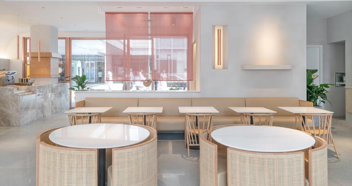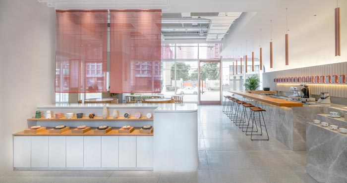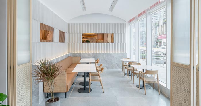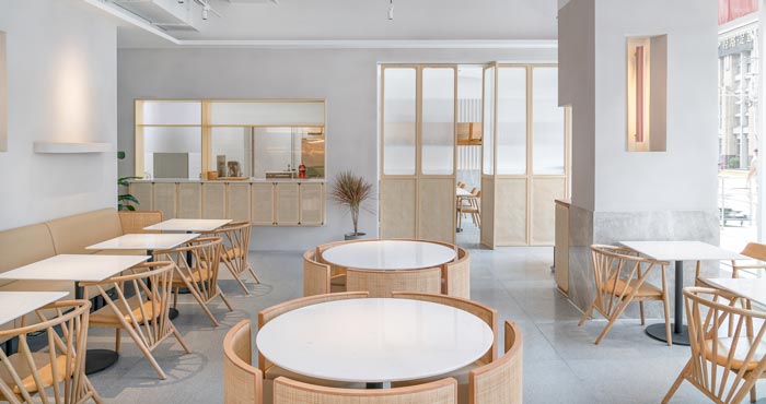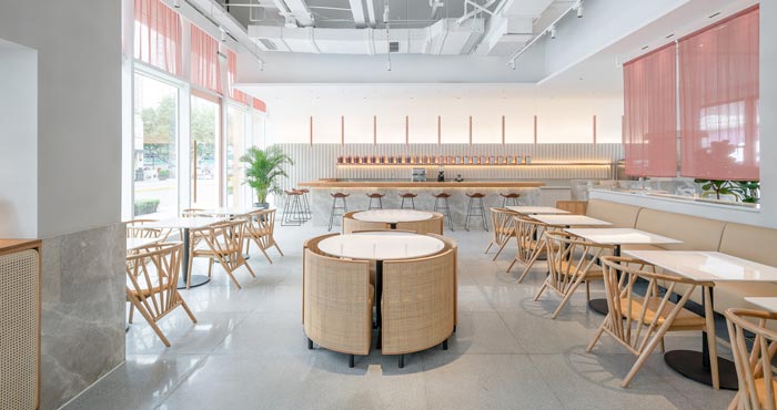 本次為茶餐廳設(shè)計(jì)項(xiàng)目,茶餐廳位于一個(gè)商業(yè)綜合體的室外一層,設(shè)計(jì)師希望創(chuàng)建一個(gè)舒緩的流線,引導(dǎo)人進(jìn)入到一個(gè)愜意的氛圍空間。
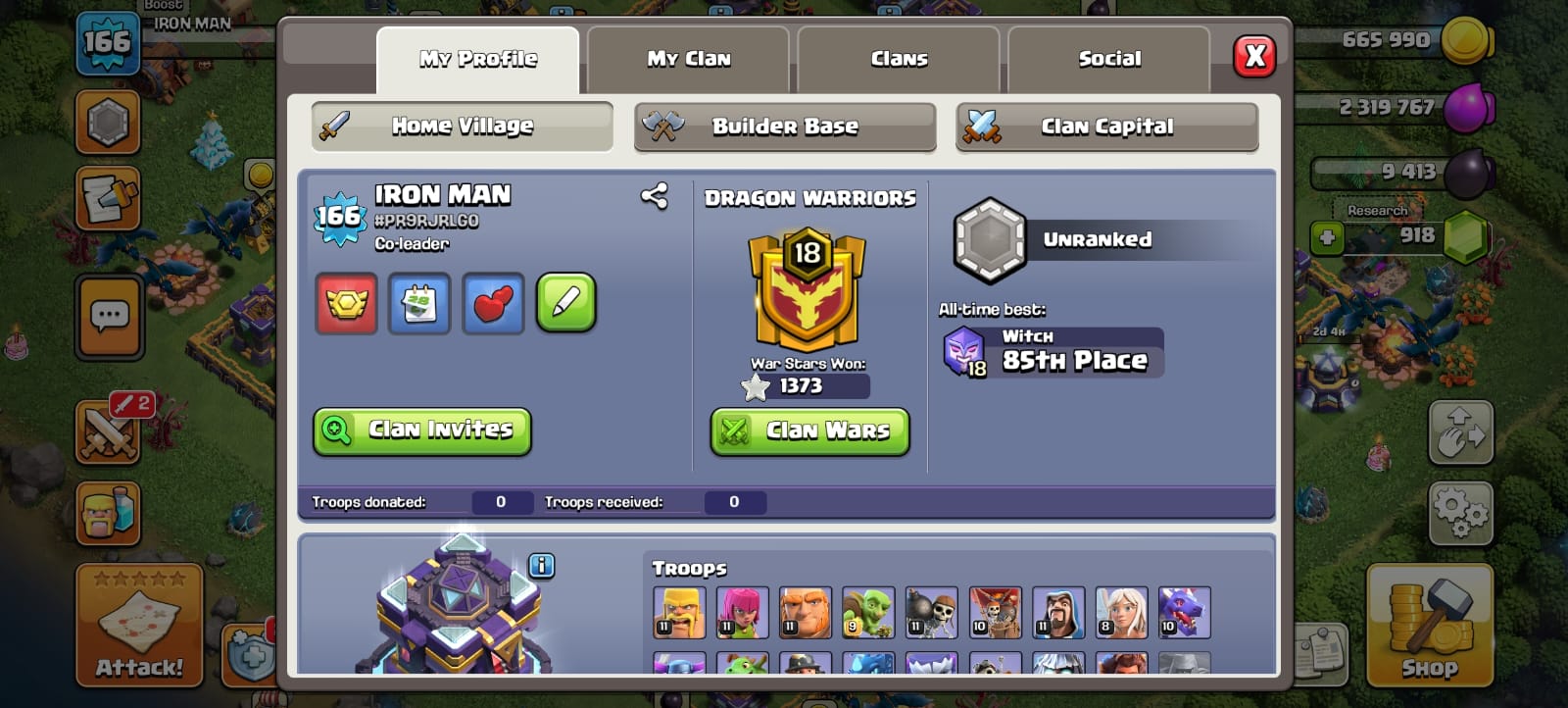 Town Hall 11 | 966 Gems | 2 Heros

---

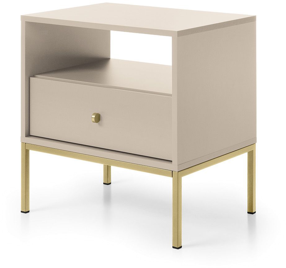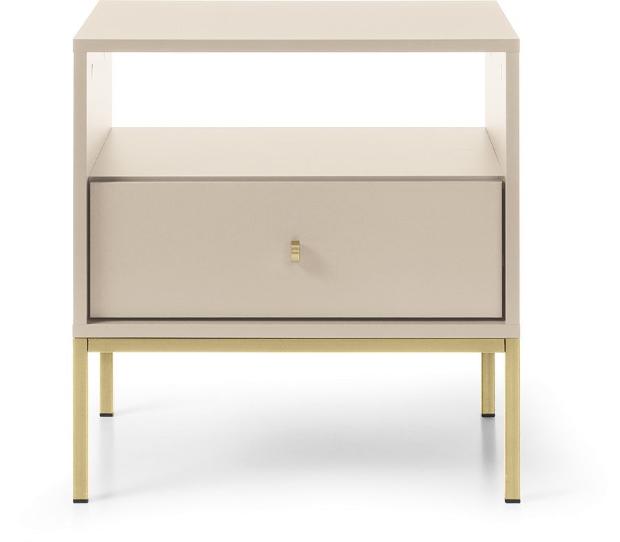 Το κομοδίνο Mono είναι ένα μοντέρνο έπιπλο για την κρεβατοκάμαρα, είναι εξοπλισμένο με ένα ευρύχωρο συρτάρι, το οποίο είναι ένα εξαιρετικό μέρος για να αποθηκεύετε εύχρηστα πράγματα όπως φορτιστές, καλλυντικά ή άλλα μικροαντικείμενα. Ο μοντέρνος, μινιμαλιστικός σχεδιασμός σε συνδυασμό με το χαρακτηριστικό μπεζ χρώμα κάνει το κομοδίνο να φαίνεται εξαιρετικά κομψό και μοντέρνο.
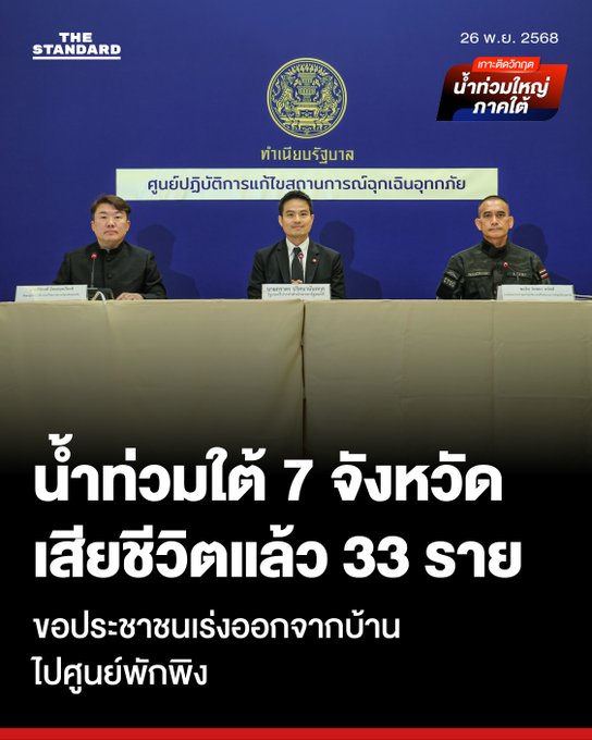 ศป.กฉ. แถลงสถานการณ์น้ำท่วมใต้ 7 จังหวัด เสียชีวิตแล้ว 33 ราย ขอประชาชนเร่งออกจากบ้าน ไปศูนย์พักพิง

◆ **Your assignment**
In the entries above, find the line that contains "本次為茶餐廳設(shè)計(jì)項(x" and the line that contains "Town Hall 11 | 966 Gems | 2 Heros". Reproduce exactly those two lines and every line between them, but not the pictures.

◆ **Task answer**
 本次為茶餐廳設(shè)計(jì)項(xiàng)目,茶餐廳位于一個(gè)商業(yè)綜合體的室外一層,設(shè)計(jì)師希望創(chuàng)建一個(gè)舒緩的流線,引導(dǎo)人進(jìn)入到一個(gè)愜意的氛圍空間。
 Town Hall 11 | 966 Gems | 2 Heros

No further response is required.